L(G) is isomorphic to G iff G is a cycle

Question

The converse is pretty obvious. If G is a cycle, then it is isomorphic to it's line graph. How to prove that if L(G) is isomorphic to G, then G is a cycle...?

P.S.- Assume G is connected

Answer 1

A vertex of $G$ of degree $d_i$ contributes $\binom{d_i}2$ edges to $L(G)$. Then with $n$ denoting the common number of vertices and edges of $G$ and $L(G)$,

$$ \sum_id_i=2n\;, $$

$$ \sum_i\frac{d_i(d_i-1)}2=n\;, $$

so

$$ \sum_id_i^2=4n $$

and thus

\begin{align} \operatorname{Var}(d)&=E[d^2]-E[d]^2 \\ &=\frac{\sum_id_i^2}n-\left(\frac{\sum_id_i}n\right)^2 \\ &=4-4 \\ &=0\;. \end{align}

Thus all vertices in both graphs have the same degree $2$, which is only the case in a union of cycle graphs.

Answer 2

Let $G$ be a connected graph on $n$ vertices and $m$ edges and suppose $G$ is isomorphic to its line graph $L(G)$. Then, $m=n$ and so $G$ is a connected graph having $n$ edges. This implies $G$ is of the form $T+e$, where $T$ is a tree and $e$ is an edge not in $T$. If $G=T+e$ is the $n$-cycle graph, then we are done.

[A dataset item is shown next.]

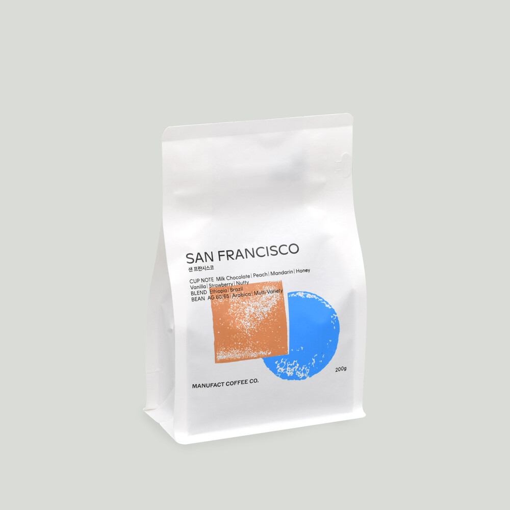 미국 샌프란시스코의 좋은 햇살, 바다내음, 바쁘게 돌아가는 일상 속의 여유, 다양한 인종 속의 자연스러운 조화의 모습을 담고자 한 커피입니다. 에티오피아의 다양성과 화려함, 브라질의 차분함과 부드러움을 담아 블렌딩을 만들었습니다. 핵과류의 산미와 달콤한 향, 부드러운 질감 그리고 풍부한 단맛을 가진 샌프란시스코는 아침을 시작하는 커피로 훌륭합니다.
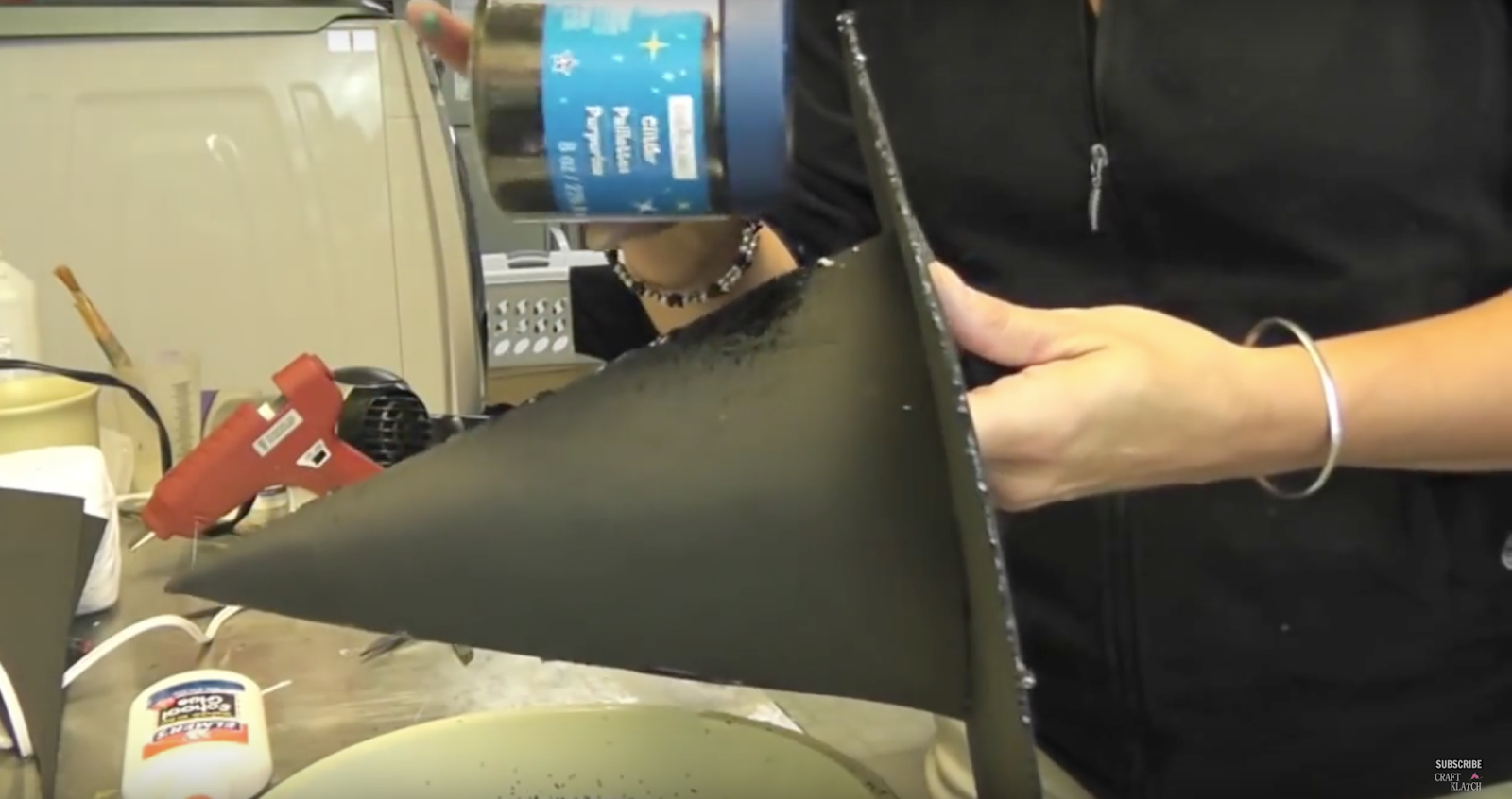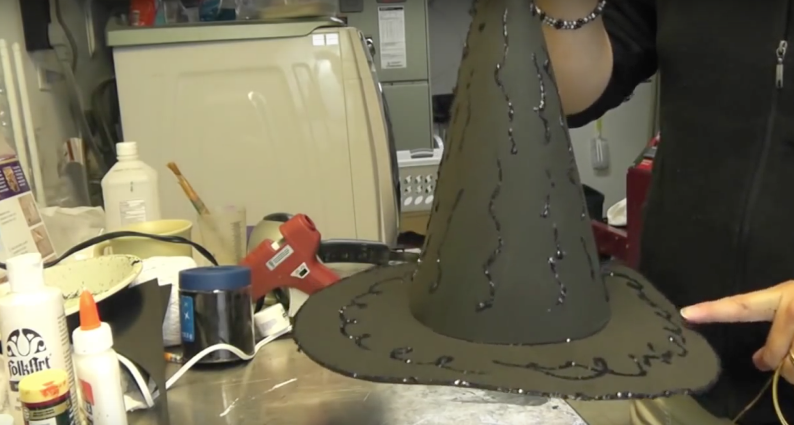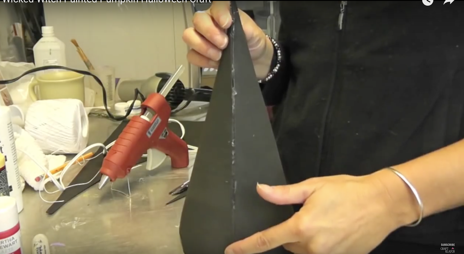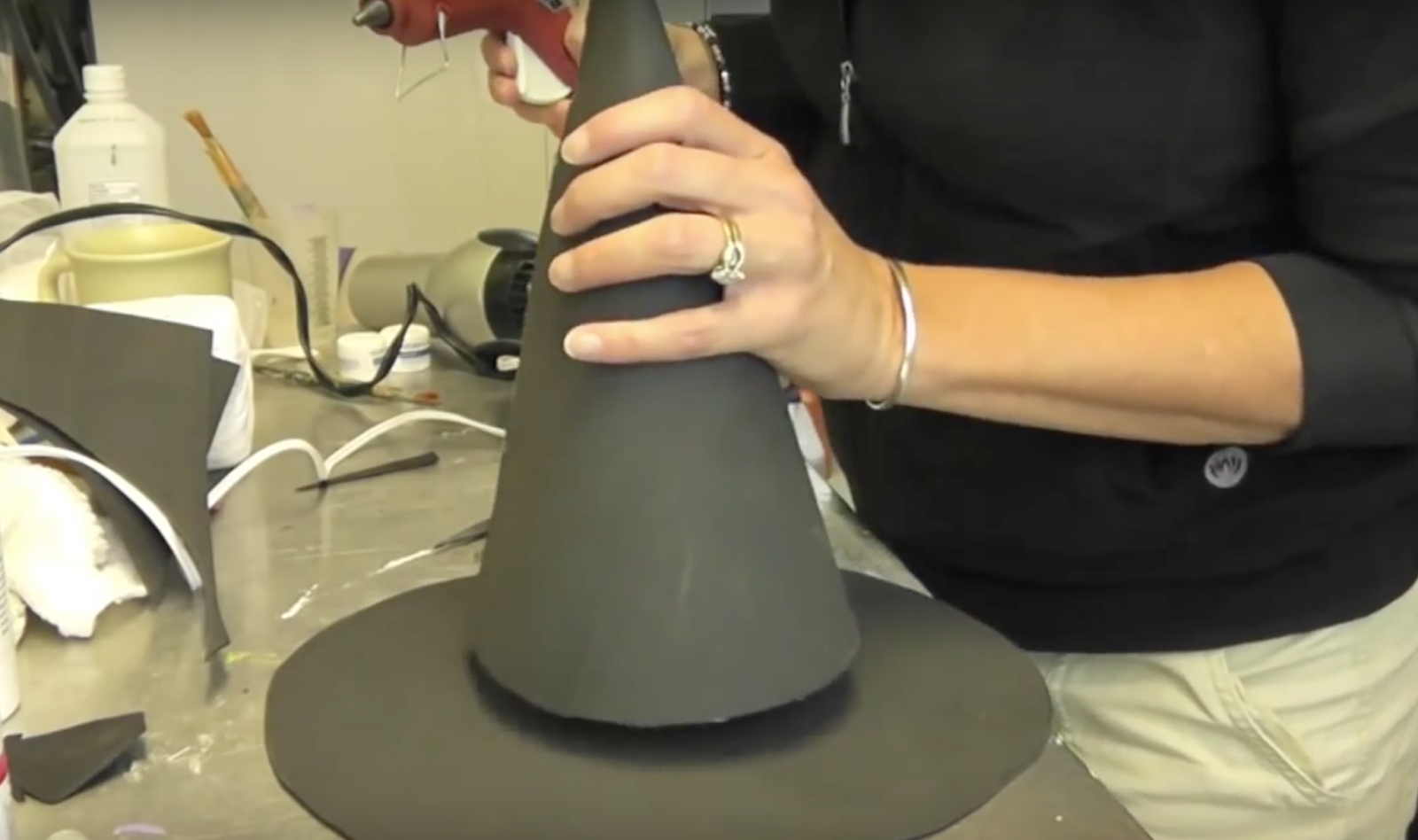 Create a cone and circle using craft foam, for the hat. I explain it further in the video. Also, HERE is a full Witch Hat Tutorial. Glue the two pieces together.

So suppose $T+e$ is not a cycle. Then, $T+e$ has a vertex of degree 3 or more. Three of the edges incident to this vertex in $G$ form a cycle of length 3 in $L(G)$. Also, the unique cycle in $G$ obtained by adding edge $e$ to the tree $T$ induces a cycle in $L(G)$. Hence, $L(G)$ has at least two cycles. We showed that $G$ has only one cycle and that $L(G)$ has two or more cycles, which is a contradiction because $G \cong L(G)$. So this case is impossible, and $T+e$ must be a cycle.